### What is required
Return a copy of every line in the records that includes the word "claro".

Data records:
====
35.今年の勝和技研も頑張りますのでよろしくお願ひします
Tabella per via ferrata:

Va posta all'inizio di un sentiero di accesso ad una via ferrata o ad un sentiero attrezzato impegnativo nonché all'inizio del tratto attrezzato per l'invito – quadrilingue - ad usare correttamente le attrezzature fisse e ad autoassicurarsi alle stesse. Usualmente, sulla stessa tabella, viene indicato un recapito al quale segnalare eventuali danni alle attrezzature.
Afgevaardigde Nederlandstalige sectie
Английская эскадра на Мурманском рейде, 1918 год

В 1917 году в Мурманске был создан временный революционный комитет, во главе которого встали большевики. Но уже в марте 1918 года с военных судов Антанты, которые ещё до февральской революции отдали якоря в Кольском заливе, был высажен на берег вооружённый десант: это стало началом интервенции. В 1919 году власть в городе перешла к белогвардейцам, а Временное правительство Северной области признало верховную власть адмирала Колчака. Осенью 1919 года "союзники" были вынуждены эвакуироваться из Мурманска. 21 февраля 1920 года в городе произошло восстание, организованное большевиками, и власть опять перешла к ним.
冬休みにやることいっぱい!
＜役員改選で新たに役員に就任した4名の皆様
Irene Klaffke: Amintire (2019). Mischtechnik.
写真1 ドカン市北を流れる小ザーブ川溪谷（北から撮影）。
====
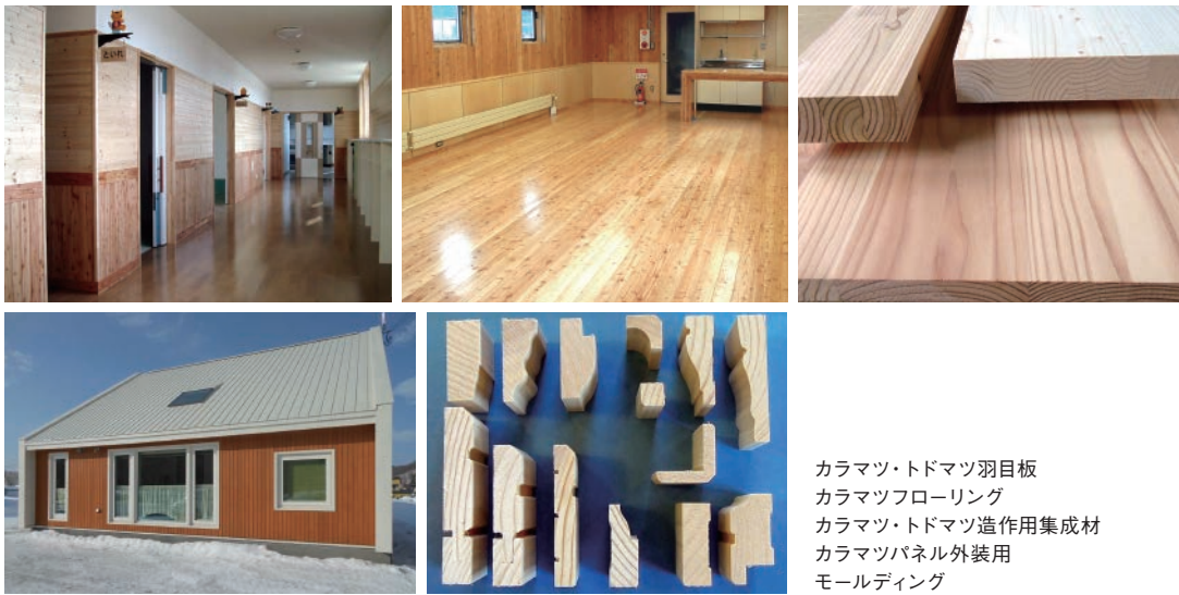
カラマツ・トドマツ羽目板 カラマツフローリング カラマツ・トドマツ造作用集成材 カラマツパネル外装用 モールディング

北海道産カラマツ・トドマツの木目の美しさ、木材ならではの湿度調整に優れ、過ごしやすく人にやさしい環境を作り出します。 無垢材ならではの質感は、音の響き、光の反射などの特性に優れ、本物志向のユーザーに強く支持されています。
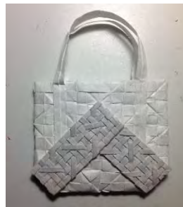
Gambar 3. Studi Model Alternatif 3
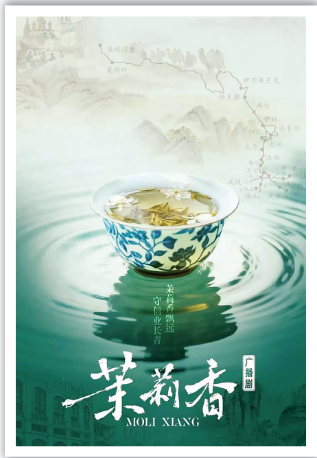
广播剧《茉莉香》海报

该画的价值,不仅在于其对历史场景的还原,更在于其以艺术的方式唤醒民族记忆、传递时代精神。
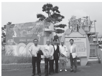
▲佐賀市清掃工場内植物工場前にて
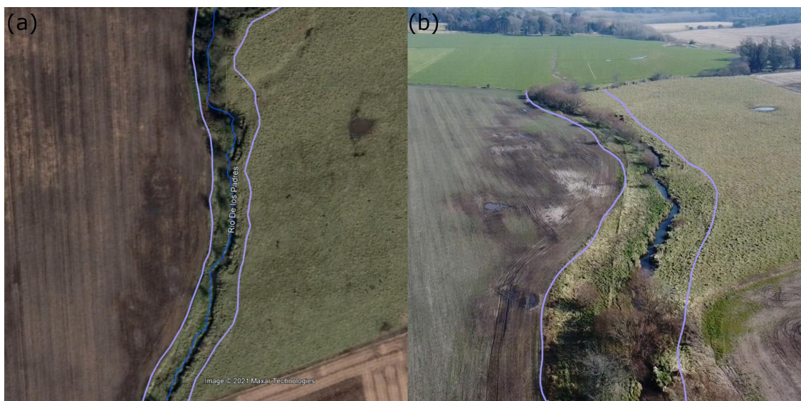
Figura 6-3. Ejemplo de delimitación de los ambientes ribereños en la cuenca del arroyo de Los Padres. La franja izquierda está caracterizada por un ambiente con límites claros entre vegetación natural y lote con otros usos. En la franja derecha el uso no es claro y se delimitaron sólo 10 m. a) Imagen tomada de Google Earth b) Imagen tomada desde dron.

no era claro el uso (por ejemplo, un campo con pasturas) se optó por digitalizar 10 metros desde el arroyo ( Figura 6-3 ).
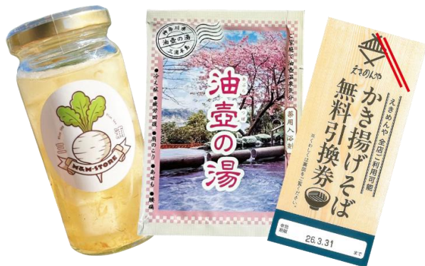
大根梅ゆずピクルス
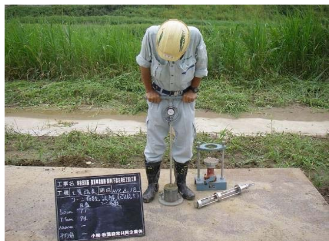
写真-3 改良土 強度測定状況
====
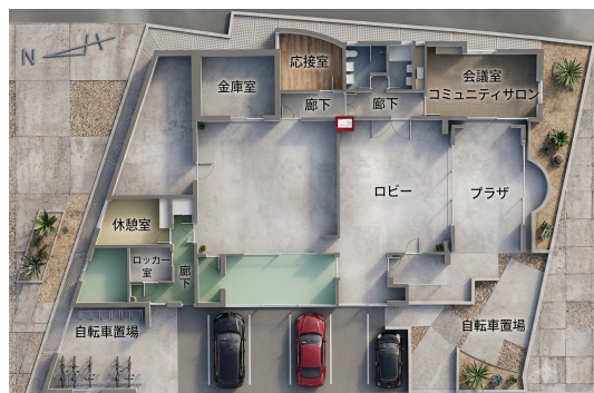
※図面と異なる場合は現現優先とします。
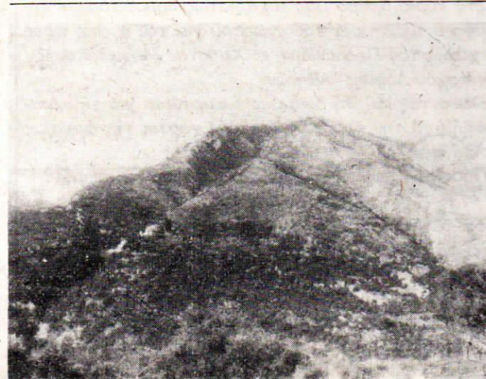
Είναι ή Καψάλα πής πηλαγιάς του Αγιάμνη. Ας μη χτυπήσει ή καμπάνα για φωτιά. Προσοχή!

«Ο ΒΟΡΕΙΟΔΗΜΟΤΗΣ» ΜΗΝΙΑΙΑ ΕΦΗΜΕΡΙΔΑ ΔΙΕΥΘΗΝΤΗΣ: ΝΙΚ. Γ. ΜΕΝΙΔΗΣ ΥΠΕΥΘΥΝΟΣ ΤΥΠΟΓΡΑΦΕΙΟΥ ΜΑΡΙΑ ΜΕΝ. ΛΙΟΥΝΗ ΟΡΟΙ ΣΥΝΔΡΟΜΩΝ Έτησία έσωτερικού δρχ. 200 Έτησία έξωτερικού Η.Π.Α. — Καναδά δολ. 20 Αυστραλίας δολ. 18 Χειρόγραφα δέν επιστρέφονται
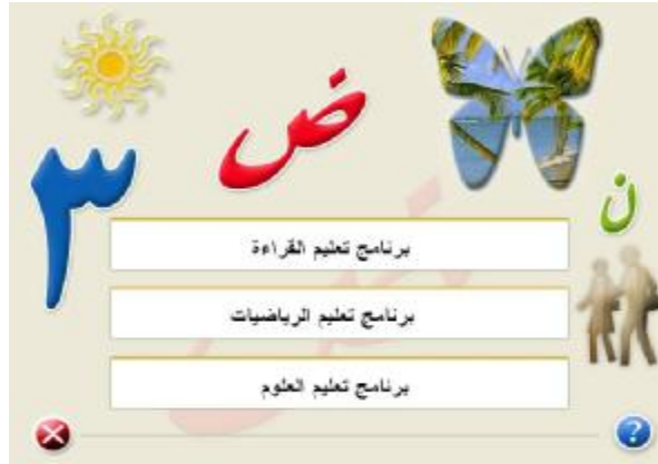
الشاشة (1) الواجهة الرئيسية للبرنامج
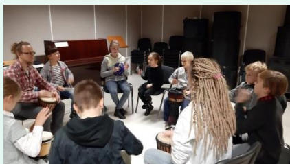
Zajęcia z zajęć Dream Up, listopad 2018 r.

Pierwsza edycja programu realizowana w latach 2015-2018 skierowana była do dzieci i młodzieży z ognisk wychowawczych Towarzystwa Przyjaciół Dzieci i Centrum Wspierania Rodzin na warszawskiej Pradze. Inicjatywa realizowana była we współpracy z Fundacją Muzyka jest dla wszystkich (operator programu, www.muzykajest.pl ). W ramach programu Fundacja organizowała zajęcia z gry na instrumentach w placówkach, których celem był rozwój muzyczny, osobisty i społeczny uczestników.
====
### Answer space
Figura 6-3. Ejemplo de delimitación de los ambientes ribereños en la cuenca del arroyo de Los Padres. La franja izquierda está caracterizada por un ambiente con límites claros entre vegetación natural y lote con otros usos. En la franja derecha el uso no es claro y se delimitaron sólo 10 m. a) Imagen tomada de Google Earth b) Imagen tomada desde dron.
no era claro el uso (por ejemplo, un campo con pasturas) se optó por digitalizar 10 metros desde el arroyo ( Figura 6-3 ).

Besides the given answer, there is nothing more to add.